What the task requires ▸ Drop every picture, then transcribe the remaining data exactly.

(Entries taken from a collection)

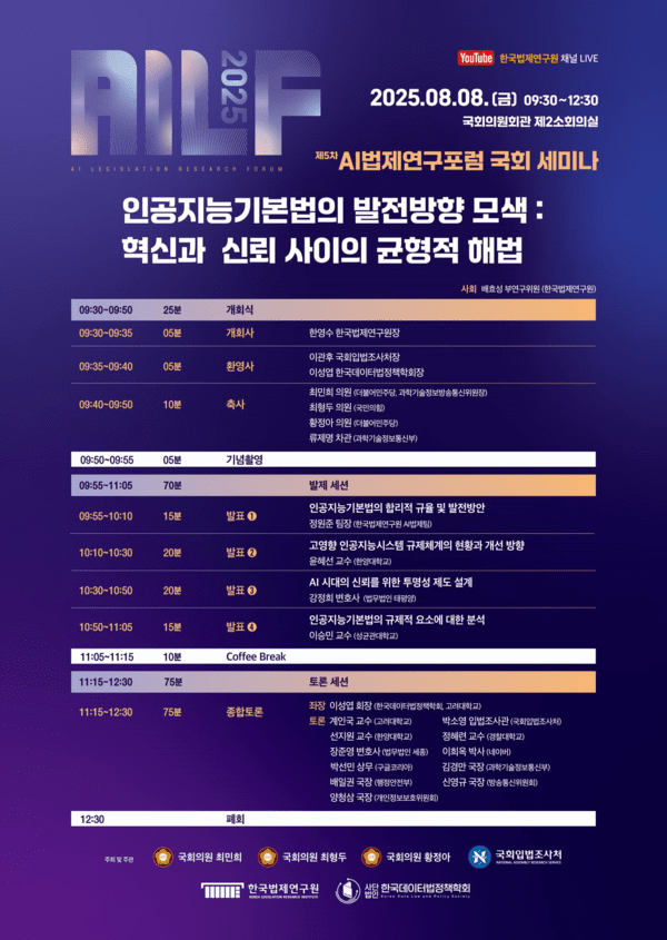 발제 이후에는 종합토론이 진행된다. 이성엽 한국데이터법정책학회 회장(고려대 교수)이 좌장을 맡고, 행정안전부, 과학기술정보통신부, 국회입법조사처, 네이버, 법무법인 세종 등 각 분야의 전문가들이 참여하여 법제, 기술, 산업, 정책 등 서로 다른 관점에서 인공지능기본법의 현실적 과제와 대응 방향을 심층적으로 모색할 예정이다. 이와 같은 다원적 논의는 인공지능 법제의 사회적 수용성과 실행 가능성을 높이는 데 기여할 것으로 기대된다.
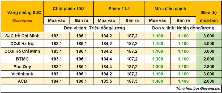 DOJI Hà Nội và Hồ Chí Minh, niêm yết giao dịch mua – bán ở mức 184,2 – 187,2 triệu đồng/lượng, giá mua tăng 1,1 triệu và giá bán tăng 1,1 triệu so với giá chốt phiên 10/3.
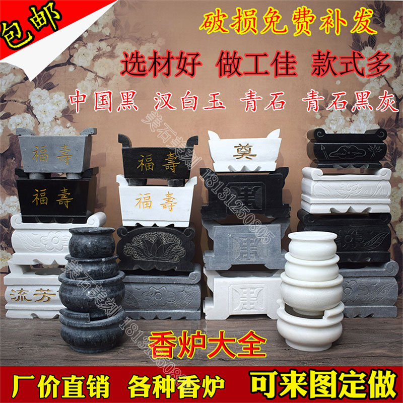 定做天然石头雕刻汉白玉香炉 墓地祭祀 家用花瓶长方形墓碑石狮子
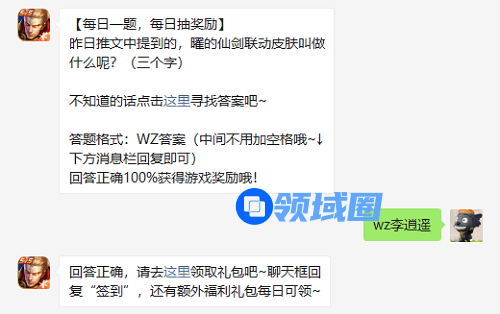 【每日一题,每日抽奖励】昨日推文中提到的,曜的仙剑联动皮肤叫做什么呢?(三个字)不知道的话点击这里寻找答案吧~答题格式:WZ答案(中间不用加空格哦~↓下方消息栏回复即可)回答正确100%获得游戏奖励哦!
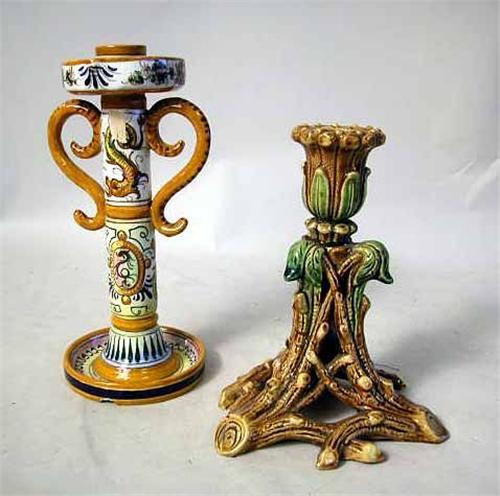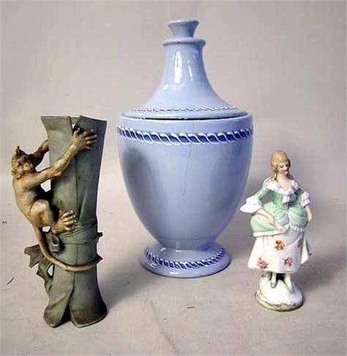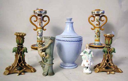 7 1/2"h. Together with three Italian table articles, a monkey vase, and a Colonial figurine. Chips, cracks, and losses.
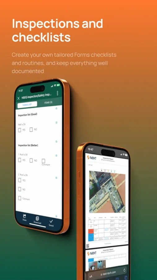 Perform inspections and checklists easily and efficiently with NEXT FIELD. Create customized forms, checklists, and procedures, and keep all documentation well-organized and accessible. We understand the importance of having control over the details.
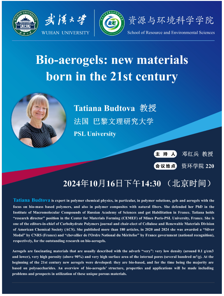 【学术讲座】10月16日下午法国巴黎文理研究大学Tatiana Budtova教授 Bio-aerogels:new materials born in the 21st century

Your response ▸
 발제 이후에는 종합토론이 진행된다. 이성엽 한국데이터법정책학회 회장(고려대 교수)이 좌장을 맡고, 행정안전부, 과학기술정보통신부, 국회입법조사처, 네이버, 법무법인 세종 등 각 분야의 전문가들이 참여하여 법제, 기술, 산업, 정책 등 서로 다른 관점에서 인공지능기본법의 현실적 과제와 대응 방향을 심층적으로 모색할 예정이다. 이와 같은 다원적 논의는 인공지능 법제의 사회적 수용성과 실행 가능성을 높이는 데 기여할 것으로 기대된다.
 DOJI Hà Nội và Hồ Chí Minh, niêm yết giao dịch mua – bán ở mức 184,2 – 187,2 triệu đồng/lượng, giá mua tăng 1,1 triệu và giá bán tăng 1,1 triệu so với giá chốt phiên 10/3.
 定做天然石头雕刻汉白玉香炉 墓地祭祀 家用花瓶长方形墓碑石狮子
 【每日一题,每日抽奖励】昨日推文中提到的,曜的仙剑联动皮肤叫做什么呢?(三个字)不知道的话点击这里寻找答案吧~答题格式:WZ答案(中间不用加空格哦~↓下方消息栏回复即可)回答正确100%获得游戏奖励哦!
 7 1/2"h. Together with three Italian table articles, a monkey vase, and a Colonial figurine. Chips, cracks, and losses.
 Perform inspections and checklists easily and efficiently with NEXT FIELD. Create customized forms, checklists, and procedures, and keep all documentation well-organized and accessible. We understand the importance of having control over the details.
 【学术讲座】10月16日下午法国巴黎文理研究大学Tatiana Budtova教授 Bio-aerogels:new materials born in the 21st century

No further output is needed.